Topic 3: The Seance By Joan Lowery Nixon

Nixon, Joan Lowery. 1980. The Séance. New York: Harcourt, Inc., 2004. Original edition, Harcourt, Inc. ISBN: 0152050299.

When a teenage girl disappears from a séance held in another student’s home and later turns up dead, a small East Texas town is stunned. When the student who conducted the séance later turns up murdered it becomes obvious that someone is targeting the entire group of girls who attended. In Joan Lowery Nixon’s THE SÉANCE, one teenage girl must ferret out the murderer before she becomes the next victim. As an orphan Lauren lived with her Aunt Mel in a quiet town on the edge of the Big Thicket. When juvenile delinquent Sara comes to live with them, Lauren takes an instant dislike to her. Sara was pretty and “wore her sweaters and blouses a size too small” (Lowery, 3.). She also snuck out of the house in the middle of the night to meet with boys. Lauren wants to refuse when Sara invites her to attend the séance being held by Roberta, a new girl in school, but when the other girls get together, they convince Lauren to come. From the beginning of the séance, the spooky feelings scare the girls, but it isn’t when the lights go out that the scary part begins. Though the doors and windows are locked from the inside, Sara disappears in the darkness.

Nixon’s writing uses a quick pace that pulls the reader along in a current of images, sounds and emotions. The first person narration by Lauren allows the reader to connect with her. THE SÉANCE is “carefully plotted with fair clues for the readers, but hints that don’t really prepare one for the smash finish.” (Publisher’s Weekly, 78.) Over and over the sheriff questions the girls at the séance and they each deny locking the door behind Sara, so at the end of the book, it is somewhat annoying that the person that connected with you was lying about her role.

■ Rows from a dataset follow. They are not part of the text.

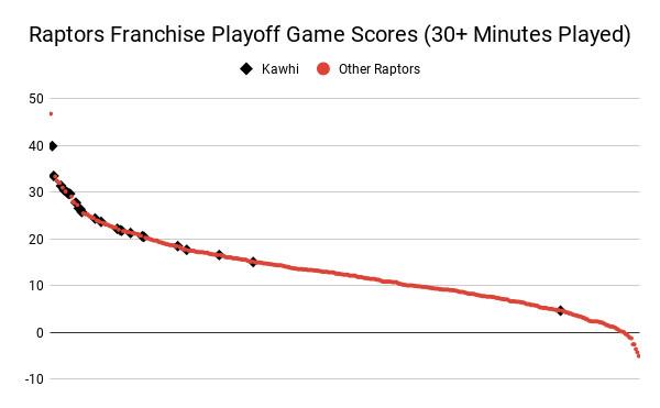 The black diamonds on this graph denote all of Leonard’s game scores this postseason. The red circles denote all other game scores in franchise playoff history (among players with at least 30 minutes played). Look how closely concentrated Leonard’s diamonds are to the left, with the exception of one bad outlier game—his 5-of-19 shooting effort in Game 3 of the first round against Orlando. Every other game this spring inspired a solid Leonard performance, or better.
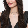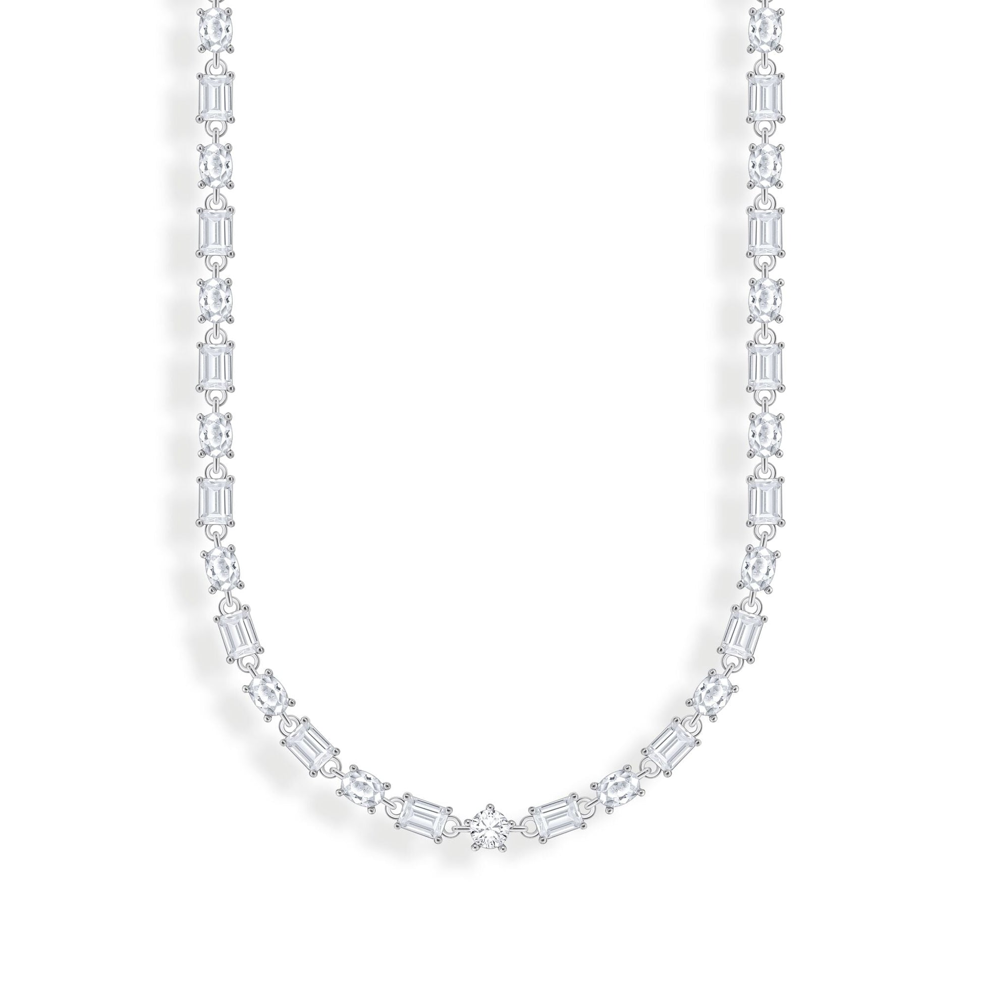 - Oval and rectangular white zirconia stones with sparkling facets nestle elegantly around the neck
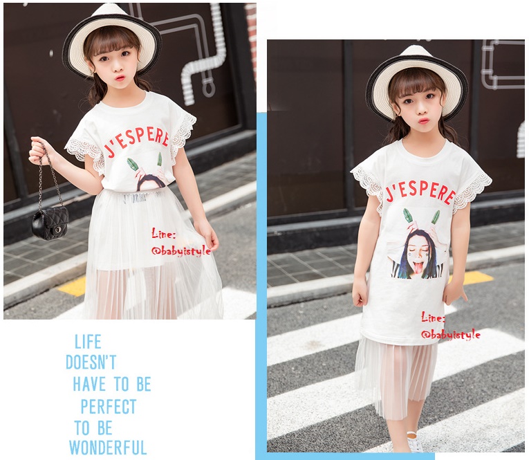 เด็กโต-ชุด2ชิ้นเดรสแขนกุดJ'ESPEREสีขาวระบายลูกไม้+กระโปรงผ้าตาข่ายสีขาวอัดพลีท ใส่ได้ 3 แบบ งานสวยน่ารักชิคๆ ไซส์ 140/150/160
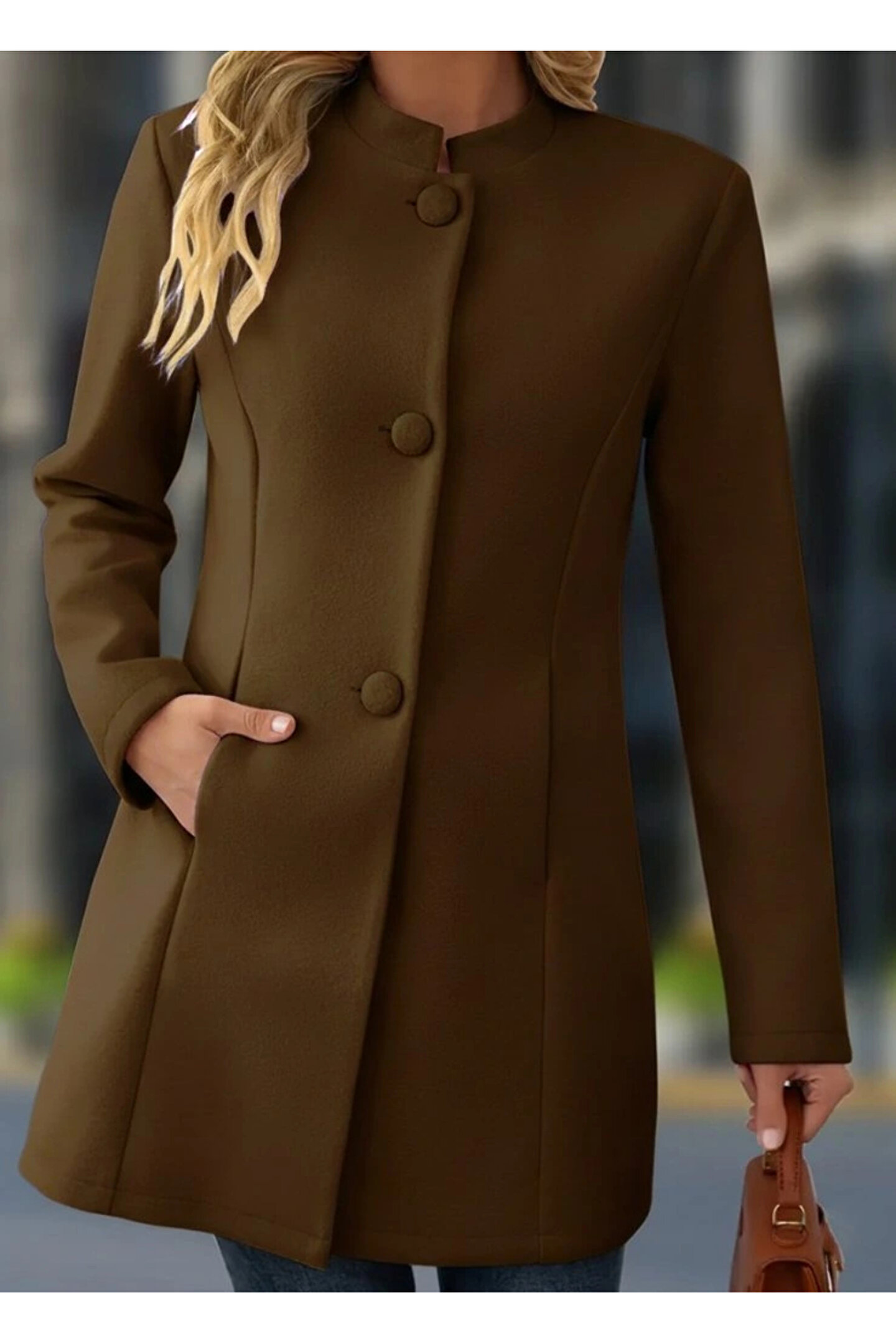 MDB Kadın Uzun Kollu Hakim Yakalı önden Düğmeli Cep Detaylı Kısa Taba Kaşe Kaban
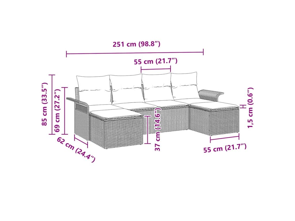 - Poly ratanová konstrukce Tento pohovkový set je z prvotřídního poly ratanového materiálu, co odolává UV záření a je super pro venkovní prostředí. Jeho moderní vzhled a flexibilní design dělají z něj univerzální volbu, co vydrží dračí podmínky a čas.
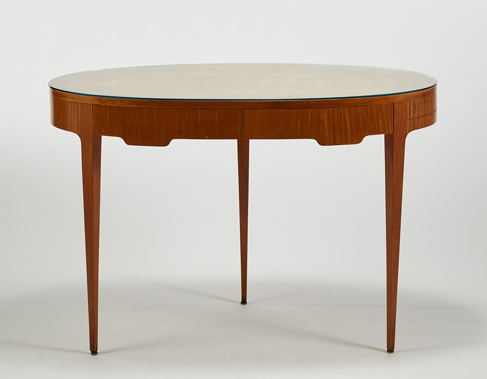 Paolo Buffa (Milano 1903 - Milano 1970) Mobile toilette impiallacciato in legno citronnier, con piano ovale e tre sottili gambe rastremate a sezione quadrata. Due cassetti sottopiano, copripiano in cristallo, puntali in ottone. Cantù, metà anni 40 (cm 110x73x55,5) (lievi difetti) Provenienza: collezione privata, Milano Accompagnate da certificazione di autenticità dell'Archivio Paolo Buffa
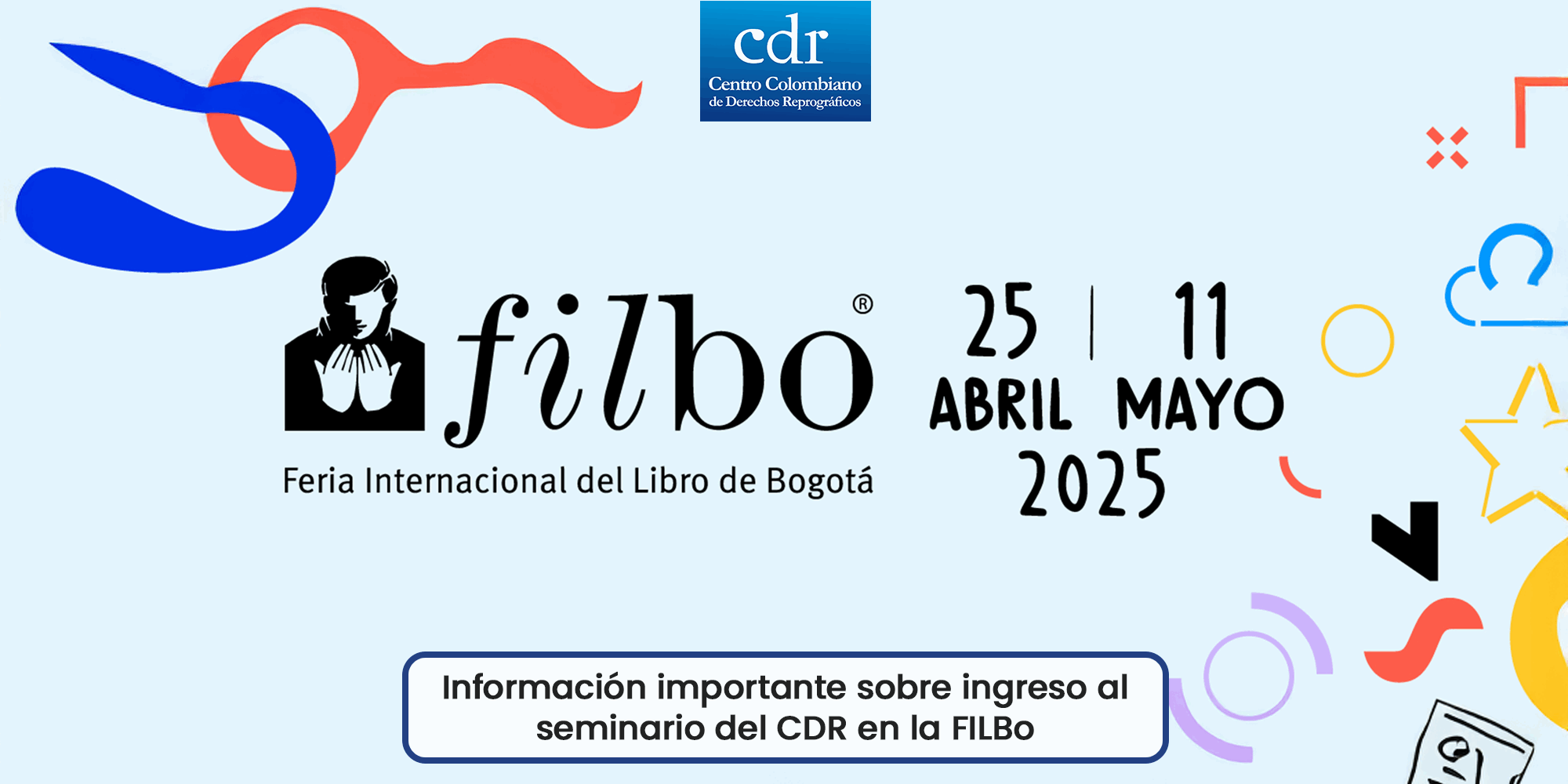 Les informamos que el personal del CDR estará entregando las boletas de ingreso a la FILBo a los inscritos por la entrada ubicada sobre la Avenida La Esperanza, entre la 1:30 p. m. y las 2:15 p. m.
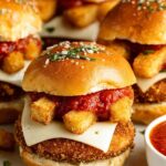 These Chicken Parmesan Sliders are a delicious and satisfying twist on classic chicken parmesan, served on soft slider buns. Tender chicken breasts are marinated in buttermilk, breaded with a seasoned mixture, fried to golden perfection, and layered with marinara sauce, provolone, and gooey mozzarella sticks. Finished with a fragrant butter topping on toasted slider buns, these sliders are perfect for parties, game days, or a fun family meal.
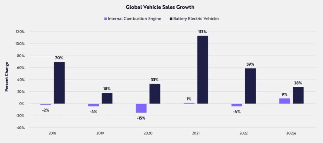 Big Ideas 2024 随着电池成本成本的下降,将推动电动汽车(EV)价格下滑,预计2030年电动汽车将占车辆总量的95-100%,未来7年电动汽车销量将以每年33%的速度增长,从2023年的1000万辆增至2030年的7400万辆。 ARK指出,电动汽车正在从内燃机汽车手中夺走市场份额,如果持续发展,燃油车制造商可能会被迫重组和整合。
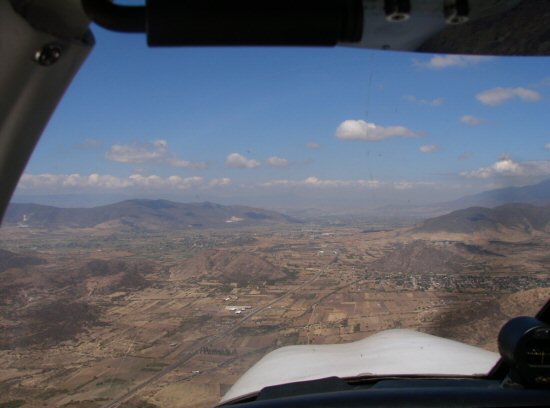 After several exchanges in English with the air traffic controller, we were Hierve el Agua bound. I must admit that for me the somewhat wobbly ascent was a bit uncomfortable. I sat beside Tom, feeling a bit like a co-pilot, with my own steering wheel and foot pedals. Soon enough we were at cruising altitude, Tom and I communicating with our headsets and attached microphones in place, while Doris sat in back, quietly. As we ascended to cruising altitude, Tom began taking photos, or perhaps he was using the video mode. I didn't ask. Tom would frequently use his camera throughout our flight.
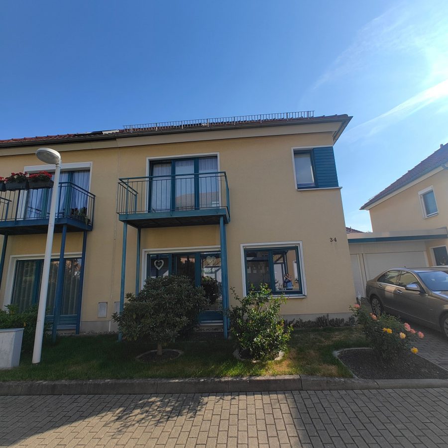 Das Haus befindet sich in einer ruhigen Wohnsiedlung im Stadtteil Biesnitz. Das Grundstück umfasst 241 m² und gliedert sich in einen gepflegten Vorgarten, die bebaute Fläche mit Reihenhaus und Garage und einen idyllischen Hofgarten.
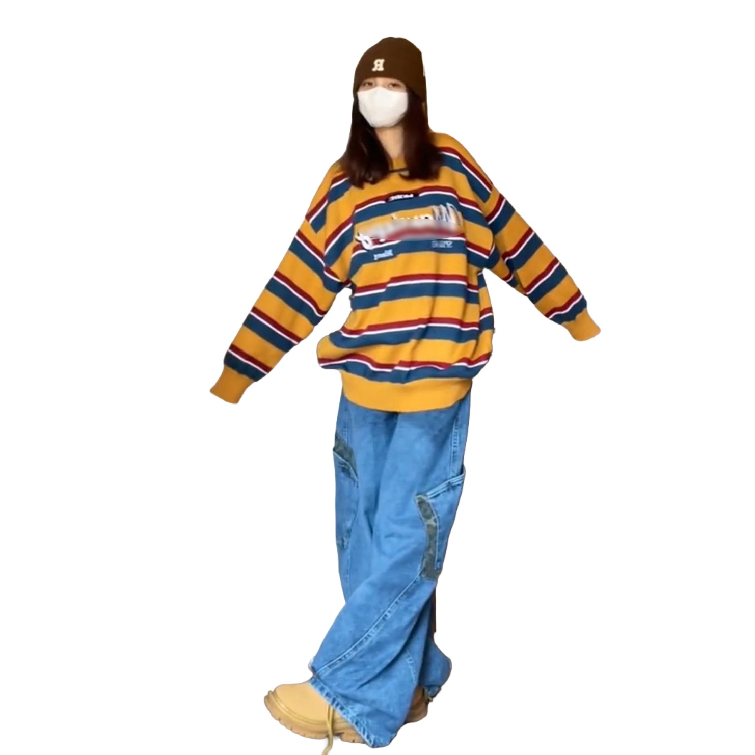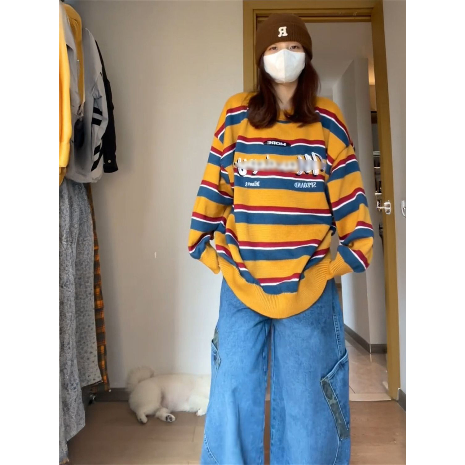 2025新款慵懒风条纹撞色字母提花长袖套头毛衣女学生宽松针织衫
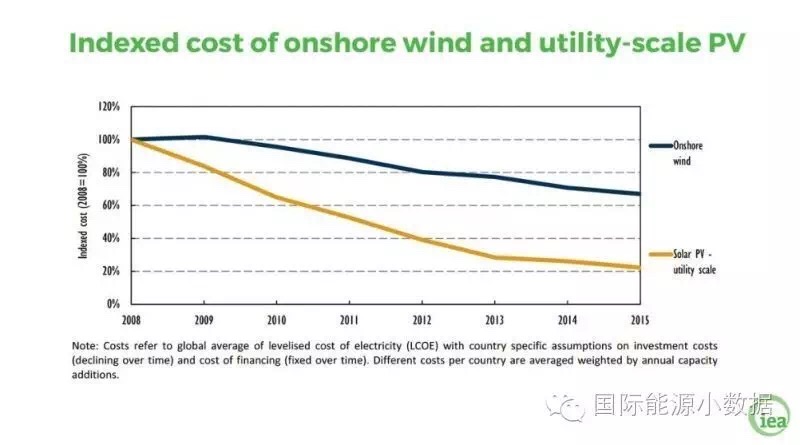 中國(guó)儲(chǔ)能網(wǎng)訊:根據(jù)國(guó)際能源署的數(shù)據(jù),2008年至2015年全球陸上風(fēng)電的度電平準(zhǔn)成本(levelized cost of electricity,考慮設(shè)備投資、融資成本,各國(guó)數(shù)據(jù)加權(quán)平均)下降了35%,而同期地面光伏電站的度電平準(zhǔn)成本下降了80%。

The hints and clues that are sprinkled throughout the story can cast blame on a lot of people in town, much to amateur detective Lauren’s frustration. Nixon’s expert writing ratchets up the suspense as Lauren becomes more and more paranoid about the members of the small town she lives in.

THE SÉANCE also looks at the relationship between family members, friends and community members. Living with her “forthright, caring, but undemonstrative Aunt Mel,” Lauren was “content with her lot.”(Publisher’s Weekly, 78.) “I didn’t even know that I wanted to be held and loved and caressed until Sara came and drew those feelings from the air and them out in front of me…” thinks Lauren. (Nixon, 47.) Having wished Sara would just disappear, Lauren feels guilty when she turns up murdered. Nixon expertly hits on the confusing mix of emotions that teenage girls often feel as they are growing up and interacting with other girls and the boys they sometimes fight over.

Reference List:

Nixon, Joan Lowery. 1980. The Séance. New York: Harcourt, Inc., 2004. Original edition, Harcourt, Inc.

______. 1980. Review of The Séance by Joan Lowery Nixon. Publisher’s Weekly (April 11):78.